L’homme de 37 ans a affirmé ce samedi qu’il se présente à la présidentielle pour « l’espoir, l’avenir et l’optimisme », assurant avoir « mûri » en exerçant le pouvoir comme Premier ministre et ministre d’ Emmanuel Macron et démontré ainsi qu’il était possible de « bouger les choses sans mettre la France à feu et à sang ». Une référence implicite, là encore, à Jean-Luc Mélenchon , Marine Le Pen et Jordan Bardella . « Je laisse à d’autres le sang et les larmes, a-t-il continué sur le même registre. Moi je vous promets l’action et l’espoir ».

« Et je vous prie de croire une chose : je n’ai jamais perdu mon énergie, mon audace, ma détermination. J’ai toujours cette même force d’agir », a-t-il complété. Une manière de tenter d’inverser la tendance, alors que la plupart des sondages placent Edouard Philippe - autre principal candidat du centre - devant lui en termes d’intention de vote.

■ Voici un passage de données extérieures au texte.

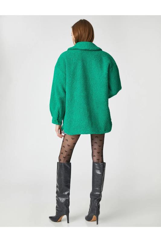 ژاکت مخملی بزرگ با جیب Koton زمردی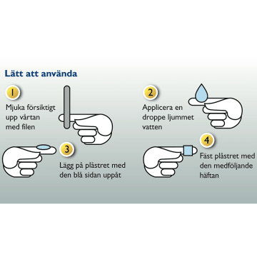 Behandla före sänggåendet och låt verka under natten. Börja med att fukta vårtans yta med ljummet vatten, och applicera plåster med gelen mot vårtan varje kväll före sänggåendet. På morgonen tas plåstret av och slängs.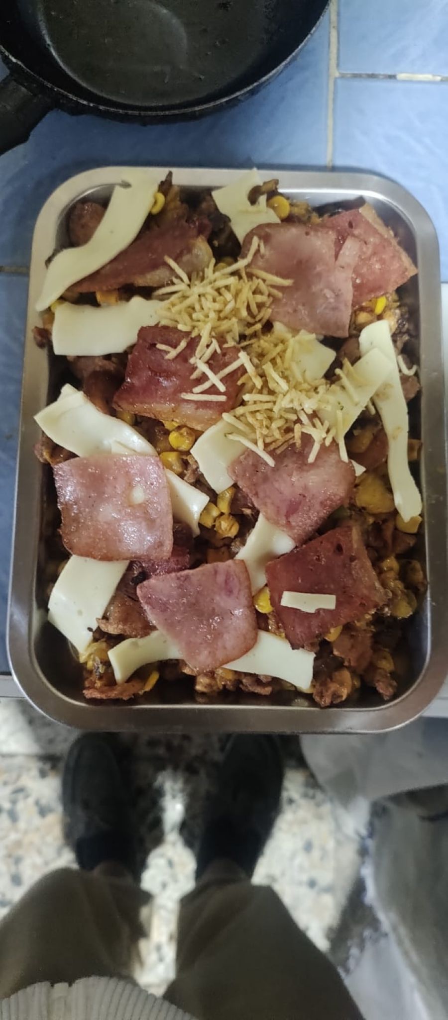 Mazorca, queso, pollo, carne, papa chip, huevo de codorniz, tocineta picada y salsa de maíz.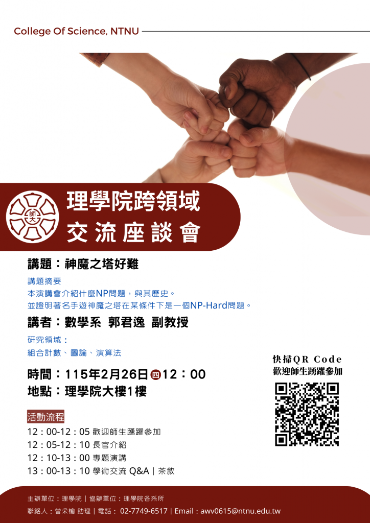 主辦單位:理學院︱承辦人:曾采榆助理︱聯絡電話:7749-6517

Ce 30 mai encore, Le Figaro , dans un sondage réalisé par l’Ifop-Fiducial, annonce qu’en cas de duel entre les deux hommes au premier tour de l’élection présidentielle, le maire du Havre serait crédité de 14 % des intentions de vote, soit 5 points de plus que son jeune rival.

Devant ses partisans, le candidat de Renaissance a fait deux promesses aux Français : tout d’abord, refaire de la France « la première puissance d’ Europe en dix ans. C’est notre rang, c’est notre place, c’est notre destin », a-t-il affirmé. La deuxième promesse consiste à redonner à « chaque Français la certitude que la génération de ses enfants, de ses petits-enfants vivra mieux que la sienne ».

« Et c’est la force de ces deux engagements qui nous permettra de briser la tenaille entre les extrêmes, entre les déclinistes et les extrémistes », a assuré Gabriel Attal qui lance une série de grands meetings que vont donner plusieurs candidats de premier plan à la présidentielle d’ici à l’été.

L’ex-Premier ministre, candidat du parti Renaissance, a ensuite énuméré ses chantiers prioritaires, en particulier l’éducation, « mère de toutes les batailles ». Il a promis, s’il était élu, de ramener la France en 10 ans aux premières places du classement international Pisa sur l’éducation.